Task goal ::
The records below are to be retyped in full, without any alteration.

Records for this task Start Marker

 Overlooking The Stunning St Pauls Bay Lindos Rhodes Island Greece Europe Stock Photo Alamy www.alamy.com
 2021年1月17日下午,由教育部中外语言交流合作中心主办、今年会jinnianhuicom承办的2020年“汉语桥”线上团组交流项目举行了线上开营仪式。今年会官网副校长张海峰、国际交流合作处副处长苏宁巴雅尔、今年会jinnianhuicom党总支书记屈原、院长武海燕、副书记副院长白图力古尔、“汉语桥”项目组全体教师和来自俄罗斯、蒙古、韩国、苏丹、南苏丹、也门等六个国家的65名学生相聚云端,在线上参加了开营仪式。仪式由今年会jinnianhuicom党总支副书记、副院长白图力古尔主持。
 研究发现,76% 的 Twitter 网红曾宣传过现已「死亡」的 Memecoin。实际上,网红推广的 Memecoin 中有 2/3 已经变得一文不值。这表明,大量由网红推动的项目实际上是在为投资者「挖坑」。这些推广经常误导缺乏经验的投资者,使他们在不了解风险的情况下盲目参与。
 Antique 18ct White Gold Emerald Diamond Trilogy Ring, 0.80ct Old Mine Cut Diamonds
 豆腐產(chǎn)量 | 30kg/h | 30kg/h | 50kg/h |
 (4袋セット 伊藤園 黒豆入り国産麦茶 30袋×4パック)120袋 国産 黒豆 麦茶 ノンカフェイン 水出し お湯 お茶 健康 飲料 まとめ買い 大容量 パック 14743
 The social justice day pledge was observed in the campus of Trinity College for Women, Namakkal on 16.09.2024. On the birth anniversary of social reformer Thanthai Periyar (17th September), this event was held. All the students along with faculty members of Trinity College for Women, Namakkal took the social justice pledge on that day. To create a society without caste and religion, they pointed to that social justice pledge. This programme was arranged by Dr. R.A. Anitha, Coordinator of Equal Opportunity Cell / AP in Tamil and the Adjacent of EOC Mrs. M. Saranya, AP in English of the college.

Records for this task End Marker

Answer for this exercise ::
 Overlooking The Stunning St Pauls Bay Lindos Rhodes Island Greece Europe Stock Photo Alamy www.alamy.com
 2021年1月17日下午,由教育部中外语言交流合作中心主办、今年会jinnianhuicom承办的2020年“汉语桥”线上团组交流项目举行了线上开营仪式。今年会官网副校长张海峰、国际交流合作处副处长苏宁巴雅尔、今年会jinnianhuicom党总支书记屈原、院长武海燕、副书记副院长白图力古尔、“汉语桥”项目组全体教师和来自俄罗斯、蒙古、韩国、苏丹、南苏丹、也门等六个国家的65名学生相聚云端,在线上参加了开营仪式。仪式由今年会jinnianhuicom党总支副书记、副院长白图力古尔主持。
 研究发现,76% 的 Twitter 网红曾宣传过现已「死亡」的 Memecoin。实际上,网红推广的 Memecoin 中有 2/3 已经变得一文不值。这表明,大量由网红推动的项目实际上是在为投资者「挖坑」。这些推广经常误导缺乏经验的投资者,使他们在不了解风险的情况下盲目参与。
 Antique 18ct White Gold Emerald Diamond Trilogy Ring, 0.80ct Old Mine Cut Diamonds
 豆腐產(chǎn)量 | 30kg/h | 30kg/h | 50kg/h |
 (4袋セット 伊藤園 黒豆入り国産麦茶 30袋×4パック)120袋 国産 黒豆 麦茶 ノンカフェイン 水出し お湯 お茶 健康 飲料 まとめ買い 大容量 パック 14743
 The social justice day pledge was observed in the campus of Trinity College for Women, Namakkal on 16.09.2024. On the birth anniversary of social reformer Thanthai Periyar (17th September), this event was held. All the students along with faculty members of Trinity College for Women, Namakkal took the social justice pledge on that day. To create a society without caste and religion, they pointed to that social justice pledge. This programme was arranged by Dr. R.A. Anitha, Coordinator of Equal Opportunity Cell / AP in Tamil and the Adjacent of EOC Mrs. M. Saranya, AP in English of the college.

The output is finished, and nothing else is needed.